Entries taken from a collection

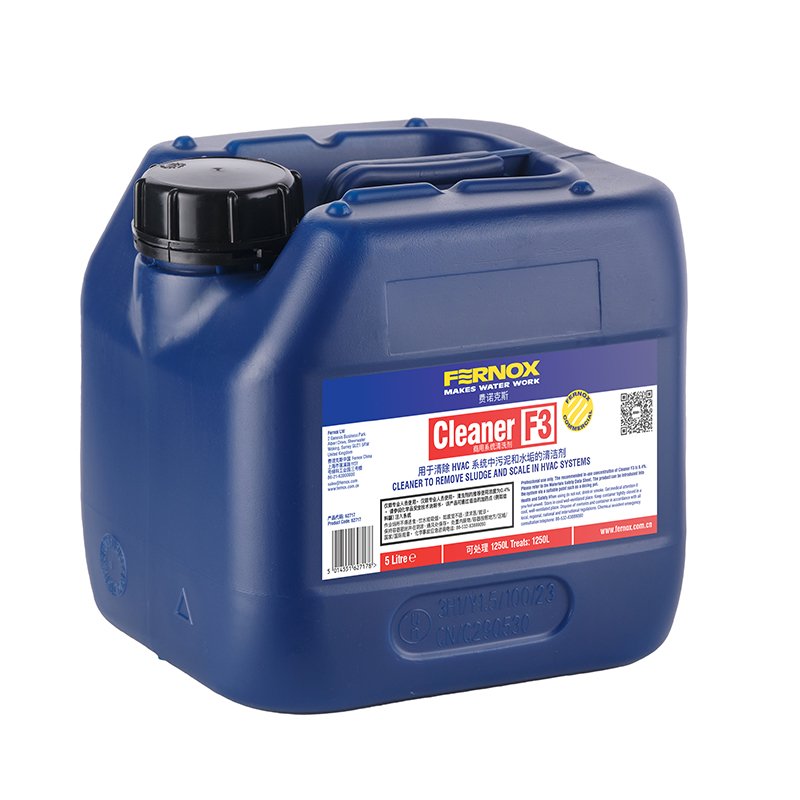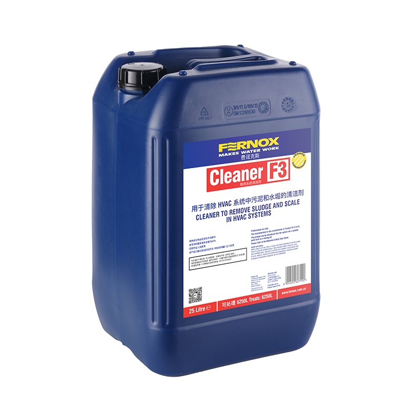 清洁剂 F3 是一种有效、通用、pH 值为中性的不起泡液体清洁剂。可去除出现在中央供暖系统中的污泥、水垢和碎屑,从而恢复供暖效率并消除锅炉噪音。在在根据当地法规和最佳实践要求调试新系统时,清洁剂 F3 是去除焊剂残渣和其他安装碎屑的理想选择。清洁剂
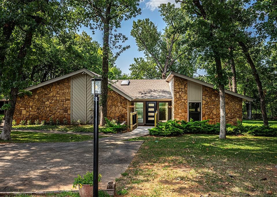 Totally remodeled inside and outside 3b2B 2269 sqft home on 1.30 (mol) wooded acres watershed pond view in NE Edmond. Country living w/NO HOA! Just 1 mile north of Waterloo on Broadway; **Edmond schools**, quick 10 min drive to shopping! Beautiful new interior blends modern design with 1979 architectural charm. 5 skylights throughout the home provide amazing natural light complemented perfectly by all new LED lighting. Distinctive, Super cool open air atrium pre-wired for your hot tub or great for raised gardens too, picnic table or extra entertainment area. No cookie cutter floor plan here! New open concept kitchen/dining/living room incredible 9ft island with completely new chefs kitchen-all new cabinetry, exquisite 3cm White Nile granite, electric downdraft Jenn Air cooktop, new builtin oven and microwave, gorgeous farm sink, all new lighting, remote control built in electric fireplace in the living room-all with an incredible view of the HUGE NEW 1100+/- sqft modern wood deck. All new flooring throughout including and new carpet in all 3 bedrooms. Buyers will love entering the elegant master bath through the modern farm house barn door to a luxurious double size shower, lovely granite new cabinetry, fixtures, and large closet. Guest bath sporting all new cabinetry, shower, granite and modern fixtures. Professionally painted inside & out. Updated HVAC, new water heater, plumbing fixtures, all new siding, rain gutters, spray foam insulation, updated lighting including beautiful driveway lamp posts all with automatic dawn to dusk timers! Private Well (no city water bills!), septic, garage floor storm cellar, whole yard 15 zone sprinkler system! 2 outbuildings included & room for more or even a shop! A unique property and great setup for the Buyer looking for a home with loads of character. Several resident deer and turkeys will even welcome you home from time to time. Move in Ready and Easy to show! Seller is a current OK real estate licensee #157918.
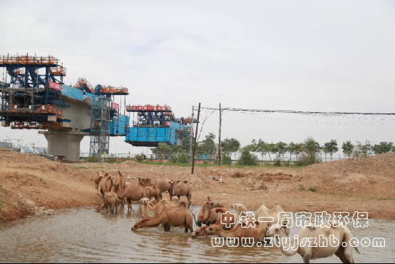 為了最大程度的不影響當?shù)伛橊劦纳盍曅裕椖坎繉︸橊劽刻斓纳盍曅赃M行摸排,還想方設法保留了在連續(xù)梁附近原有的駱駝飲水區(qū),根據(jù)駱駝的移動軌跡在施工現(xiàn)場為“它們”設置了“綠色通道”。
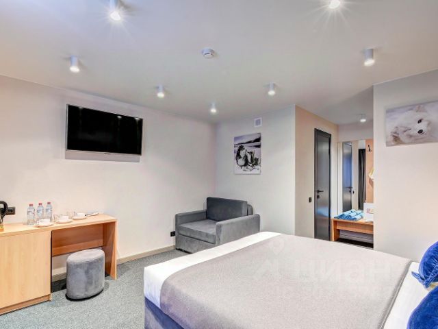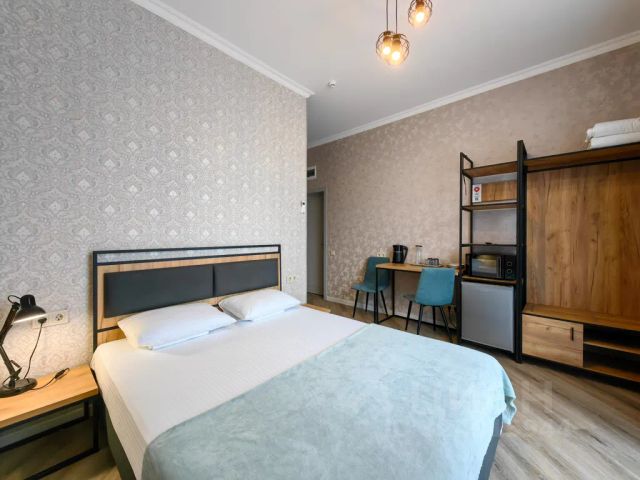 Однокомнатный номер оформлен в современном стиле, интерьер выполнен в светлых тонах и со всем необходимым оборудованием для комфортного пребывания гостей. В номере удобная двуспальная кровать, Smart TV, холодильник.
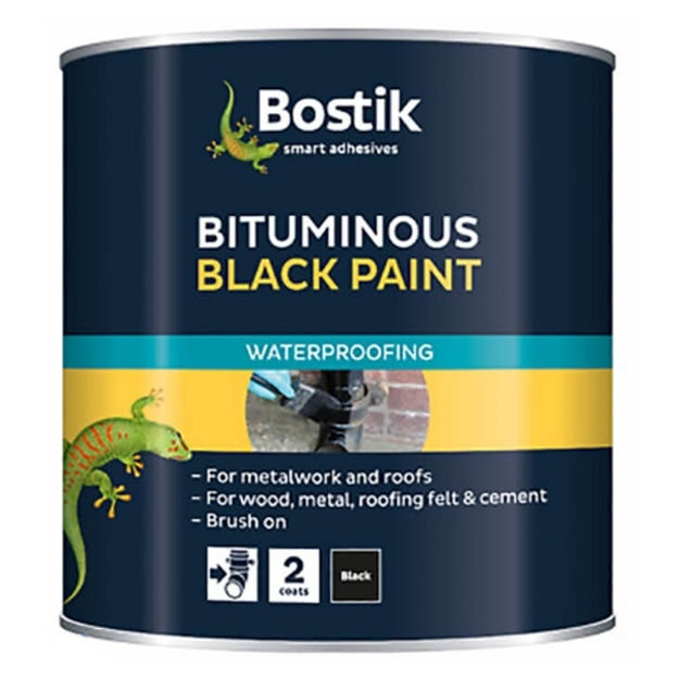 Bostik Bituminous Black Paint is a solvent-based protective coating for external waterproofing and weather protection of ferrous and non-ferrous metals, concrete, roofing felt, fibre cement, corrugated iron, asphalt and wood.It dries to form an odourless and taint-free bitumen film.
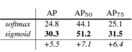 mask에서는 하나의 픽셀에 대해 각각 class별로 해당 클래스의 instance가 존재하는지 안하는지 sigmoid를 통해 binary로 계산

§ Exercise brief: Once the line containing "為了最大程度的不影響當?sh" is located, write out exactly that line and each one after it to the end of the records above, excluding pictures and nothing else.

§ Output for this task:
 為了最大程度的不影響當?shù)伛橊劦纳盍曅裕椖坎繉︸橊劽刻斓纳盍曅赃M行摸排,還想方設法保留了在連續(xù)梁附近原有的駱駝飲水區(qū),根據(jù)駱駝的移動軌跡在施工現(xiàn)場為“它們”設置了“綠色通道”。
 Однокомнатный номер оформлен в современном стиле, интерьер выполнен в светлых тонах и со всем необходимым оборудованием для комфортного пребывания гостей. В номере удобная двуспальная кровать, Smart TV, холодильник.
 Bostik Bituminous Black Paint is a solvent-based protective coating for external waterproofing and weather protection of ferrous and non-ferrous metals, concrete, roofing felt, fibre cement, corrugated iron, asphalt and wood.It dries to form an odourless and taint-free bitumen film.
 mask에서는 하나의 픽셀에 대해 각각 class별로 해당 클래스의 instance가 존재하는지 안하는지 sigmoid를 통해 binary로 계산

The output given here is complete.